Your task:
Lines from the line with "ONE COLOR CROPPED" to the line with "Celestien ei. Met" in the entries below, and only those, must be output exactly, with both ends included.

Stored data entries:
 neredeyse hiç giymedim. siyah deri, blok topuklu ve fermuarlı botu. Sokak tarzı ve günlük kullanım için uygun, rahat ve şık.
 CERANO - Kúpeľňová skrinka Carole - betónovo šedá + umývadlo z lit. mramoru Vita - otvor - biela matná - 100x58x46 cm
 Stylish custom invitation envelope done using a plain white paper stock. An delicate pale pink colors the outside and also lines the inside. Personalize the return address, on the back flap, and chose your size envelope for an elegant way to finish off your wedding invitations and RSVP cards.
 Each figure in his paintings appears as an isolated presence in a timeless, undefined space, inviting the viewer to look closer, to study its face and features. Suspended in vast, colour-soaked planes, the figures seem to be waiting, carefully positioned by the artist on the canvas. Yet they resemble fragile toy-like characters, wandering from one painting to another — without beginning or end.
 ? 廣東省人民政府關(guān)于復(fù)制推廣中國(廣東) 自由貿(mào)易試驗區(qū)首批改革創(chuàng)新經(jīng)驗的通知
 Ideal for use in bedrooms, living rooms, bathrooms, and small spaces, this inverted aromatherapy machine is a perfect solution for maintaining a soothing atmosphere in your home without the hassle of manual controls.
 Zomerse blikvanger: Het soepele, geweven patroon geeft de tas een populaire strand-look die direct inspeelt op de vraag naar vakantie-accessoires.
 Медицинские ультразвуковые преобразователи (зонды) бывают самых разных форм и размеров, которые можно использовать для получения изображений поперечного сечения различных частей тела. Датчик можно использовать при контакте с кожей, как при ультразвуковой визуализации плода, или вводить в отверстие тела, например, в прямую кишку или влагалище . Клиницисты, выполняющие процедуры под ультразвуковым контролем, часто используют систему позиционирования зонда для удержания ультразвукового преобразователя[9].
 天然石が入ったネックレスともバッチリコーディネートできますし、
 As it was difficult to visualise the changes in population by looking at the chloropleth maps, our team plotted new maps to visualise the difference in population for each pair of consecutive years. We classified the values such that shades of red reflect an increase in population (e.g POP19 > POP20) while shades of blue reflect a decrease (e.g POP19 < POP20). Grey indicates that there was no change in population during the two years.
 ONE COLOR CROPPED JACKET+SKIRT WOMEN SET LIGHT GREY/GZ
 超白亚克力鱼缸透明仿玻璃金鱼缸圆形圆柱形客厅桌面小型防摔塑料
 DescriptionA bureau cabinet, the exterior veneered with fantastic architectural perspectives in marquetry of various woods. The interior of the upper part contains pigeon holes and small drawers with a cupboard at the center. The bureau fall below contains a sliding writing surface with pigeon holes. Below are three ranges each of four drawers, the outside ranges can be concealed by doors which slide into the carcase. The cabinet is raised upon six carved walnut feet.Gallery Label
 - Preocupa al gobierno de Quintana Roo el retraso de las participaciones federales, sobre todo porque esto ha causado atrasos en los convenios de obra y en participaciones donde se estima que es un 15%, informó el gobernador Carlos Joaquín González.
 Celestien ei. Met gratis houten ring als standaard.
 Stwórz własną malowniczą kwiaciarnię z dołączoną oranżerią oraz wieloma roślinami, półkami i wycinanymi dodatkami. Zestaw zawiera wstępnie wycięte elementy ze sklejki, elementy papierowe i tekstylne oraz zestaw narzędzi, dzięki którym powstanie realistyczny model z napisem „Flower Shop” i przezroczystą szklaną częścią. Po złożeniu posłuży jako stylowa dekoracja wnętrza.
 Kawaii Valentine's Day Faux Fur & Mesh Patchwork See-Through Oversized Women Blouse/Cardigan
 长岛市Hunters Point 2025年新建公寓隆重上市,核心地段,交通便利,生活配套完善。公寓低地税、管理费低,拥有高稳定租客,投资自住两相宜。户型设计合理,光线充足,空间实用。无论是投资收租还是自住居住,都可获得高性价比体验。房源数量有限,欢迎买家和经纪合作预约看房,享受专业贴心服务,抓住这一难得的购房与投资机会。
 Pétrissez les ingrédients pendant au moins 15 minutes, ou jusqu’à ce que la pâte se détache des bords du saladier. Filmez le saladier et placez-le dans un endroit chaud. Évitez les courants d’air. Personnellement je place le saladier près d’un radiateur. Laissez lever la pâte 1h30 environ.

Solved exercise:
 ONE COLOR CROPPED JACKET+SKIRT WOMEN SET LIGHT GREY/GZ
 超白亚克力鱼缸透明仿玻璃金鱼缸圆形圆柱形客厅桌面小型防摔塑料
 DescriptionA bureau cabinet, the exterior veneered with fantastic architectural perspectives in marquetry of various woods. The interior of the upper part contains pigeon holes and small drawers with a cupboard at the center. The bureau fall below contains a sliding writing surface with pigeon holes. Below are three ranges each of four drawers, the outside ranges can be concealed by doors which slide into the carcase. The cabinet is raised upon six carved walnut feet.Gallery Label
 - Preocupa al gobierno de Quintana Roo el retraso de las participaciones federales, sobre todo porque esto ha causado atrasos en los convenios de obra y en participaciones donde se estima que es un 15%, informó el gobernador Carlos Joaquín González.
 Celestien ei. Met gratis houten ring als standaard.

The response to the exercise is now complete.